PUSHL %% EBX / N / T "/

"LEAL% 0, %% EAX / N / T" /

"LEAL% 1, %% EBX / N / T" /

"Call" Helper "/ N / T" /

"POPL %% EBX / N / T" /

"POPL %% EAX / N / T" /

"JMP 2B / N" /

".previous" /

: "= m" (* (Volatile Int *) RW), "= M" (* (volatile int *) Wlock_waiting): "Memory")

The newly added WLOCK_WAITING here is the address of the Wlock_Waiting, which is the address, not the value itself, it is the way to address the address address, to ensure that the operation of the instruction is directly in memory, not In the data load to the register in the memory, after proceeding back to memory, if this is not this, it is possible to change this variable in the register within the register. Changed in their registers. Helper1 knows how to have a write request waiting to be locked and jumped. The name I took here is __read_lock_failed_wlock_wait

.align 4

.globl __read_lock_failed_wlock_wait

__read_lock_failed_wlock_wait:

1: Rep; NOP

CMPL $ 0, (% EBX)

JNZ 1B

JS __READ_LOCK_FAILED_WLOCK_WAIT

RET

Here is the constant check of whether the value of WLOCK_WAITIG is 0, if not 0, execute the idle command.

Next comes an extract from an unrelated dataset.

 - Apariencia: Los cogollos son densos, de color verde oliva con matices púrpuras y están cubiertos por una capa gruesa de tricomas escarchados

Helper is the name of the front __read_lock_failed, but a little change.

.align 4

.globl __read_lock_failed

__read_lock_failed:

Lock; Incl (% EAX)

1: Rep; NOP

CMPL $ 0, (% EBX)

JNZ 1B

REP; NOP

CMPL $ 1, (% EAX)

JS 1B

LOCK; DECL (% EAX)

JS __READ_LOCK_FAILED

RET

It is still to check if there is a write request waiting, because if this is not the case, there may be written requests during the jump process of the previous instruction, and we are strictly enforced writer priority reading Write rules. This is also the reason if it is the address of the write request if you try to get the read lock process.

The acquisition of the write is also modified.

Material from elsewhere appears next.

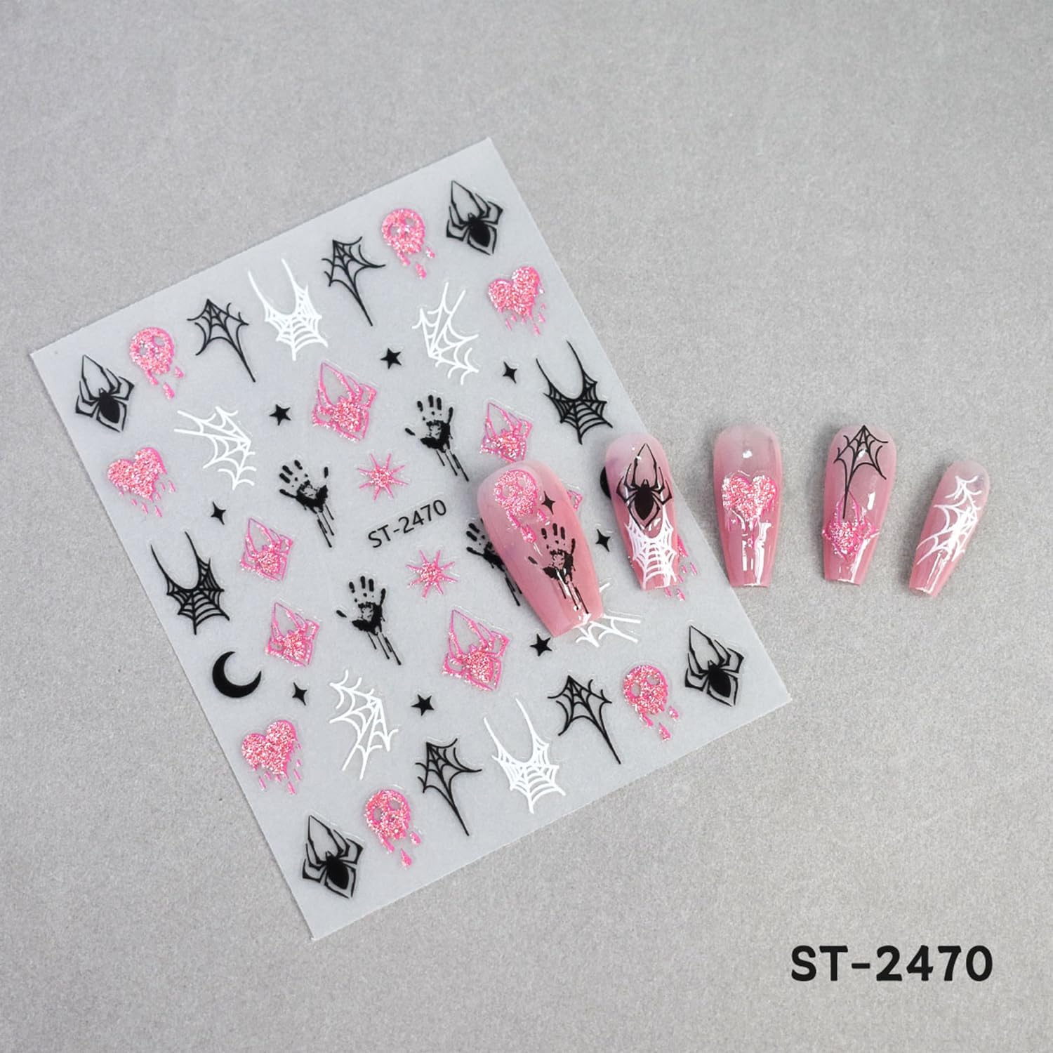 - Quantity: You will get 6 sheets of Halloween soider nail art stickers, including bow and spider web pattern designs, not easy to fall off or fade, can easily create a variety of themed nail art

#define __build_write_lock_const (RW, Wlock_Wait, Helper) /

ASM Volatile (LOCK "SUBL $ 1, (% 1) / N / T" /

LOCK "SUBL $" RW_LOCK_BIAS_STR ", (% 0) / N / T" /

"JNZ 2F / N" /

"1: / n" lock "Add1 $ 1, (% 1) / N / T" /

".section .text.lock, /" AX / "/ n" /

"2: / TPUSHL %% EAX / N / T" /

"LEAL% 0, %% EAX / N / T" /

"Call" Helper "/ N / T" /

"POPL %% EAX / N / T" /

"JMP 1B / N" / ".previous "/

: "= m" (* (Volatile Int *) RW), "= M" (* (volatile int *) Wlock_waiting): "Memory")

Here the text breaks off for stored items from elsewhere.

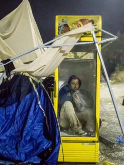 Ένας πρόσφυγας βρίσκει καταφύγιο από το κρύο και τη βροχή σε ένα ...χαλασμένο ψυγείο στην παραλία της Λέσβο.
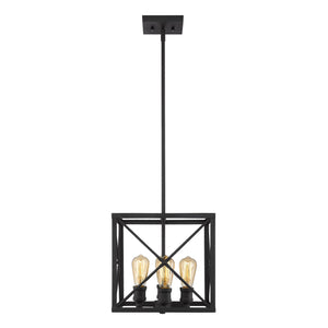 Brooklyn 4-Light Matte Black Pendant With Metal Framework Shade
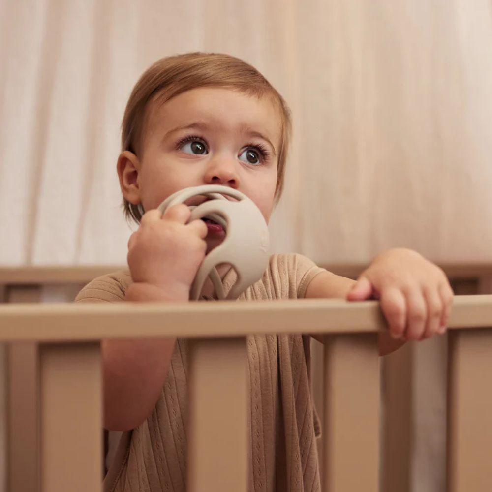 Es un mordedor para bebés que combina seguridad, comodidad y estilo en uno.

Here is similar to the principle in __build_read_lock_const, but there is a little different, once you want to get a write lock, you must first reduce the number of wlock_waiting this number. If you get it, add 1, this is to let the same read The request can be found that the requested request is waiting to be read and write lock. And here, addl and subl is applied, instead of INCL and DECL are because the latter two instructions can only be valid in 24 BITS, and the first two instructions can be valid for 32 BITS, while adopting first reduction Strategy, not first add, because if it is reduced, it turns into 0xffffffff, so all bits are 1 reliability for hardware. It is the same for Helper and the previous readers.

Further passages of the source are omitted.